Oxidative phosphorylation
A process in bacteria and mitochondria in which ATP formation is driven by the transfer of electrons through the electron-transport chain to molecular oxygen; involves the intermediate generation of a proton gradient across a membrane and a chemiosmotic coupling of that gradient to the ATP synthase.
Membrane-bending proteins
Proteins that attach to specific membrane regions as needed and act to control local membrane curvature and thus confer on membranes their characteristic 3D shapes.
Myc
A transcription regulatory protein that is activated when a cell is stimulated to grow and divide by extracellular signals; it activates the transcription of many genes, including those that stimulate cell growth.

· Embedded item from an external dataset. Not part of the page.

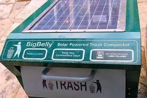 這種新式垃圾箱內(nèi)置壓縮機(jī)可以利用太陽(yáng)能對(duì)垃圾進(jìn)行壓縮,在負(fù)重達(dá)到一定程度時(shí),傳感器自動(dòng)開啟設(shè)備壓縮垃圾,當(dāng)垃圾桶容量滿時(shí),會(huì)自動(dòng)發(fā)出E-mail通知清潔工清理垃圾箱。

Microtubule-associated protein (MAP)
Any protein that binds to microtubules and modifies their properties, including structural and motor proteins.
BH3-only proteins
Bcl2 family proteins produced or activated in response to an apoptotic stimulus that promote apoptosis mainly by inhibiting anti-apoptotic Bcl2 family proteins; the largest subclass of Bcl2 family proteins.
CaM-kinase II
A multifunctional Ca2+/calmodulin-dependent protein kinase that phosphorylates itself and various target proteins when activated; found in most animal cells but is especially abundant in the brain, and is involved in some forms of memory and learning in vertebrates.
Scaffold protein
A protein that binds groups of intracellular signalling proteins into a signalling complex, often anchoring the complex at a specific location in the cell.
Death receptor
A transmembrane receptor protein that can signal the cell to undergo apoptosis when it binds its extracellular ligand (e.g. Ras).
Lymphoid organ
An organ containing large numbers of lymphocytes; lymphocytes are produced in primary lymphoid organs and respond to antigen in peripheral lymphoid organs.
Akt
A serine/threonine protein kinase that acts in the PI 3-kinase/Akt intracellular signalling pathway involved in signalling cells to grow and survive.
Bcl2
An anti-apoptotic Bcl2 family protein of the outer mitochondrial membrane that binds and inhibits pro-apoptotic Bcl2 family proteins and prevents inappropriate activation of the intrinsic pathway of apoptosis.
ER resident protein
A protein that remains in the ER or its membranes and carries out its function there, as opposed to proteins that are present in the ER only in transit.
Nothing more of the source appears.